▸ About this task:
Verbatim output of the lines below is required, with the images omitted.

Dataset records
-*-*-
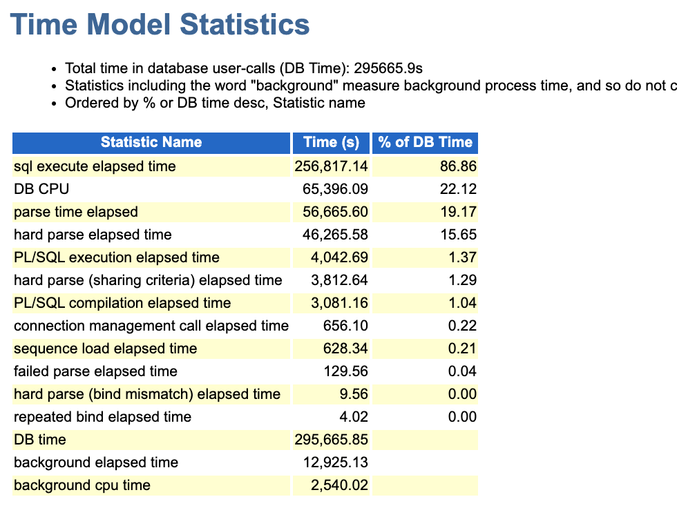 从整个DB time model的数据来看,DB time 一共是29万秒,其中sql execute elapsed time 高达256817万秒。不难看出SQL本身的执行就消耗绝大部分时间,其解析就消耗了56665秒,高达19%,这也是非常高的。
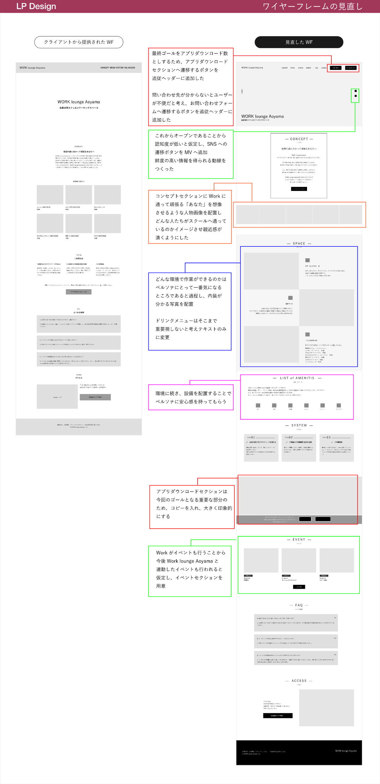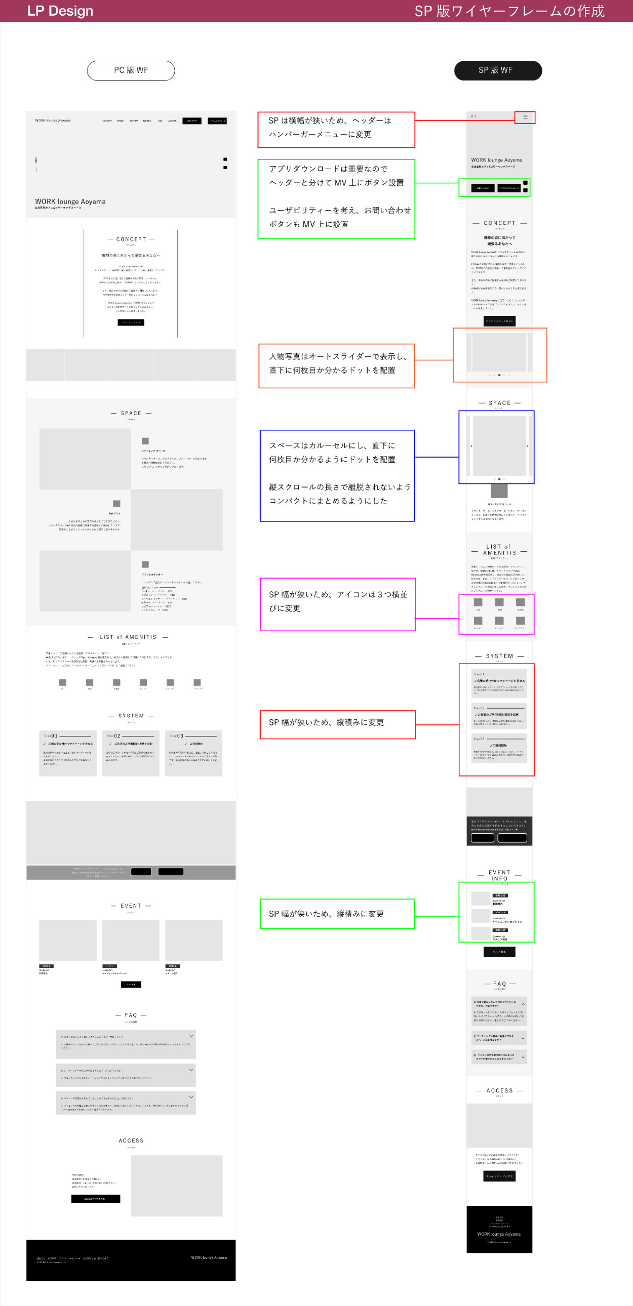 SHElikes MULTI CREATOR COURSE Designerの課題として、LP制作に取り組みました。クライアントからの依頼を想定しており、WFの再設計〜デザインカンプ制作までを行いました。 制作時間:WF再設計 4時間 デザインカンプ制作 22時間
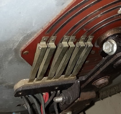 Il y a 4 contacteurs (identifiés 1, 2, 2A, 3) en bout d'axe de rotation du bras de transfert qui s'activent en fonction de diverses cames réparties sur les 360° de l'axe. Une cosse est cassée et est vite remplacée, les contacts me semblent dans un état limite, mais en les activant plusieurs fois, ils ont l'air de refaire contact correctement.
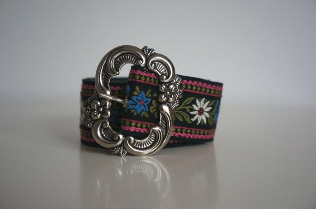 Ładny, damski pasek z wyhaftowanymi szarotkami alpejskimi. Śliczna, ozdobna, metalowa klamra. Stan dobry.
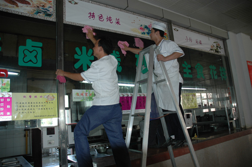 为了确保新生及家长到校后能及时吃到可口的饭菜,饮食服务中心做了大量的前期准备工作。从8月18日开始,先后完成了大宗物资采购、餐厅卫生保洁、餐具清洗消毒等工作,至8月24日上午,所有迎新餐厅均已投入运营。承担迎新任务的为北校区东区第三、第四餐厅、清真餐厅;北校区西区第六、第八餐厅;南校区南苑餐厅、清真餐厅。其中东区第四餐厅、清真二餐厅,西区第八餐厅及南校区清真餐厅为值班食堂。迎新餐厅每天营业时间为6:30—22:00,保证新生及家长随时到校,随时可以吃上热饭热菜。仅8月26日1天,饮食服务中心就接待就餐人员1万余人次。
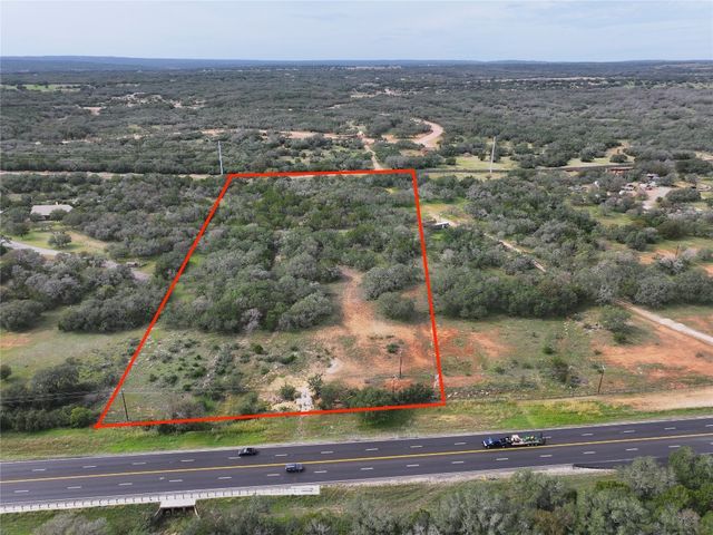 10-acre residential lot with HWY 281 Frontage just north of Downtown Johnson City. Heavily wooded and very private lot. This property is very flat with several build pads.
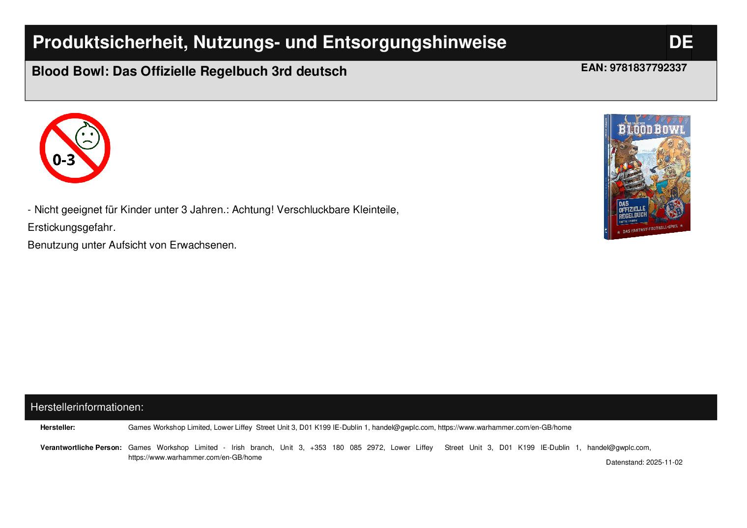 Games Workshop Limited Lower Liffey Street Unit 3 D01 K199 Dublin 1 handel@gwplc.com https://www.warhammer.com/en-GB/home WEEE-Nummer:
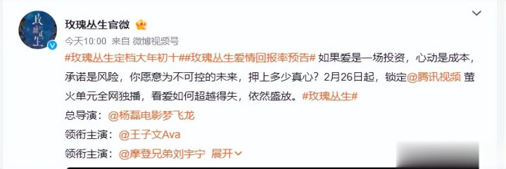 先来捋捋此次定档的完好端倪,2 月 11 日《玫瑰丛生》官微肃肃官宣定档,笃定于大岁首十在腾讯视频、极光 TV 独播,这亦然腾讯视频在春节档拿出的重磅王人市爱情作品。
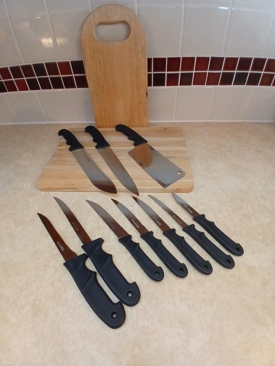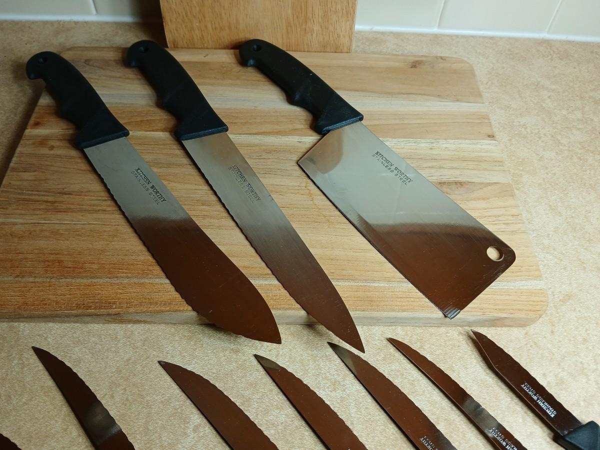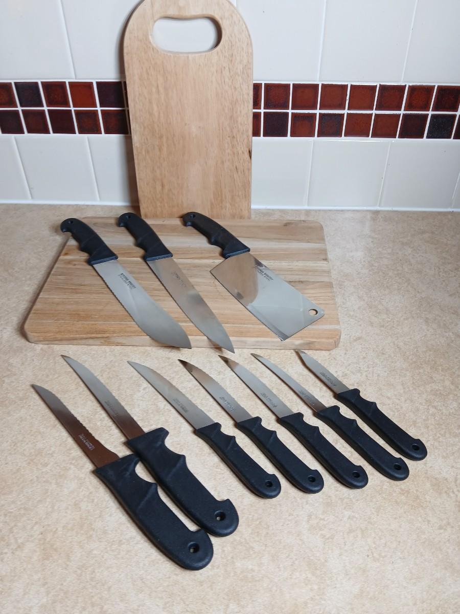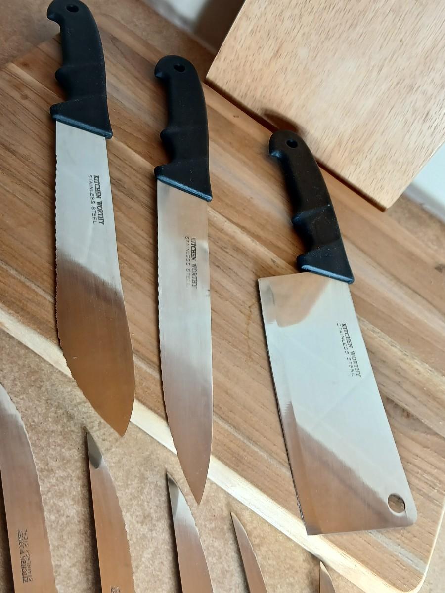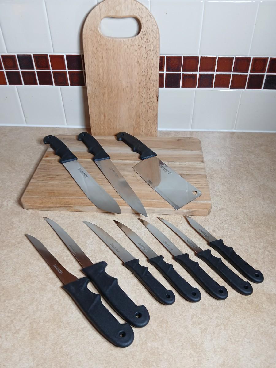 Kitchen Worthy stainless steel Knife set with two cutting boards
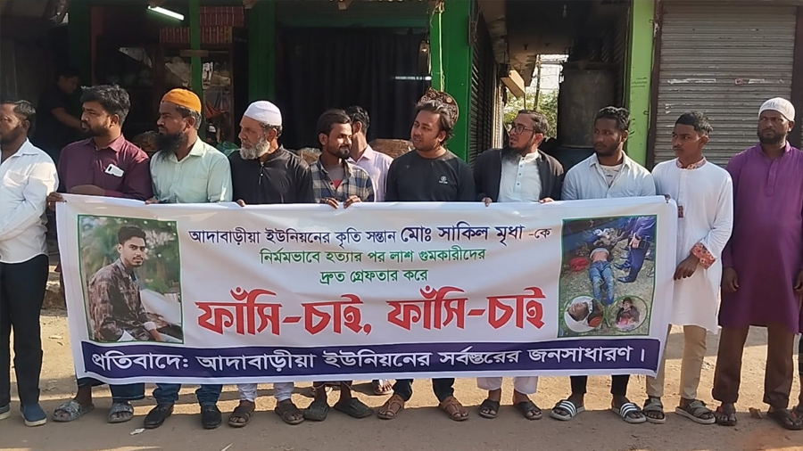 পটুয়াখালীর বাউফল উপজেলার আদাবাড়িয়া ইউনিয়নের সাকিল মৃধাকে হাত-পা বেঁধে নির্মমভাবে হত্যার ঘটনায় জড়িতদের দ্রুত গ্রেফতার ও ফাঁসির দাবিতে বিক্ষোভ মিছিল ও মানববন্ধন করেছে এলাকাবাসী।
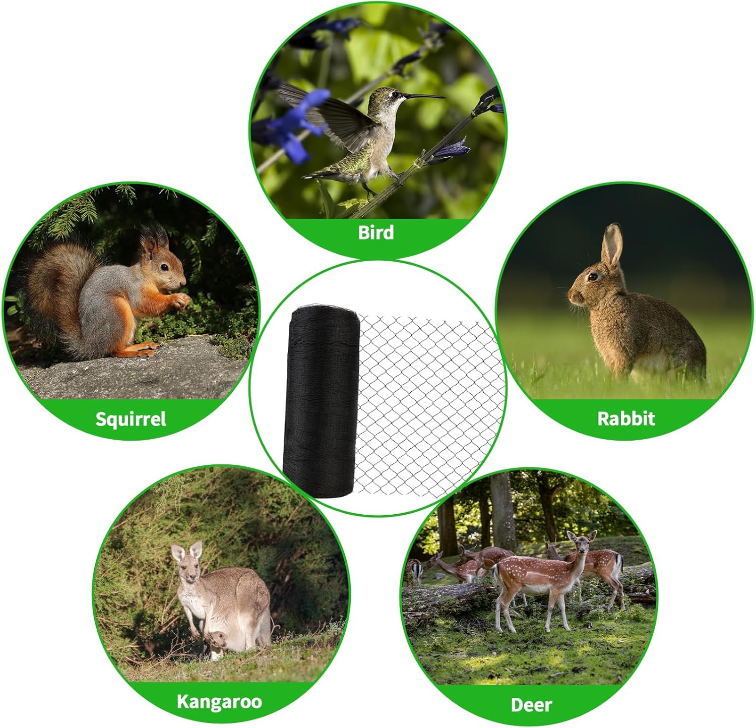 - Notice: The bird netting roll can be cut to any size you need for your garden, orchard, farmland or poultry fencing. The product size refers to the dimensions when the bird netting is evenly stretched. Since the mesh is diamond-shaped, overstretching one side may cause the holes to become irregular, affecting the width and length. which is not a sizing issue but rather a characteristic of the product. Please adjust according to your needs.
-*-*-
▸ Answer below:
 从整个DB time model的数据来看,DB time 一共是29万秒,其中sql execute elapsed time 高达256817万秒。不难看出SQL本身的执行就消耗绝大部分时间,其解析就消耗了56665秒,高达19%,这也是非常高的。
 SHElikes MULTI CREATOR COURSE Designerの課題として、LP制作に取り組みました。クライアントからの依頼を想定しており、WFの再設計〜デザインカンプ制作までを行いました。 制作時間:WF再設計 4時間 デザインカンプ制作 22時間
 Il y a 4 contacteurs (identifiés 1, 2, 2A, 3) en bout d'axe de rotation du bras de transfert qui s'activent en fonction de diverses cames réparties sur les 360° de l'axe. Une cosse est cassée et est vite remplacée, les contacts me semblent dans un état limite, mais en les activant plusieurs fois, ils ont l'air de refaire contact correctement.
 Ładny, damski pasek z wyhaftowanymi szarotkami alpejskimi. Śliczna, ozdobna, metalowa klamra. Stan dobry.
 为了确保新生及家长到校后能及时吃到可口的饭菜,饮食服务中心做了大量的前期准备工作。从8月18日开始,先后完成了大宗物资采购、餐厅卫生保洁、餐具清洗消毒等工作,至8月24日上午,所有迎新餐厅均已投入运营。承担迎新任务的为北校区东区第三、第四餐厅、清真餐厅;北校区西区第六、第八餐厅;南校区南苑餐厅、清真餐厅。其中东区第四餐厅、清真二餐厅,西区第八餐厅及南校区清真餐厅为值班食堂。迎新餐厅每天营业时间为6:30—22:00,保证新生及家长随时到校,随时可以吃上热饭热菜。仅8月26日1天,饮食服务中心就接待就餐人员1万余人次。
 10-acre residential lot with HWY 281 Frontage just north of Downtown Johnson City. Heavily wooded and very private lot. This property is very flat with several build pads.
 Games Workshop Limited Lower Liffey Street Unit 3 D01 K199 Dublin 1 handel@gwplc.com https://www.warhammer.com/en-GB/home WEEE-Nummer:
 先来捋捋此次定档的完好端倪,2 月 11 日《玫瑰丛生》官微肃肃官宣定档,笃定于大岁首十在腾讯视频、极光 TV 独播,这亦然腾讯视频在春节档拿出的重磅王人市爱情作品。
 Kitchen Worthy stainless steel Knife set with two cutting boards
 পটুয়াখালীর বাউফল উপজেলার আদাবাড়িয়া ইউনিয়নের সাকিল মৃধাকে হাত-পা বেঁধে নির্মমভাবে হত্যার ঘটনায় জড়িতদের দ্রুত গ্রেফতার ও ফাঁসির দাবিতে বিক্ষোভ মিছিল ও মানববন্ধন করেছে এলাকাবাসী।
 - Notice: The bird netting roll can be cut to any size you need for your garden, orchard, farmland or poultry fencing. The product size refers to the dimensions when the bird netting is evenly stretched. Since the mesh is diamond-shaped, overstretching one side may cause the holes to become irregular, affecting the width and length. which is not a sizing issue but rather a characteristic of the product. Please adjust according to your needs.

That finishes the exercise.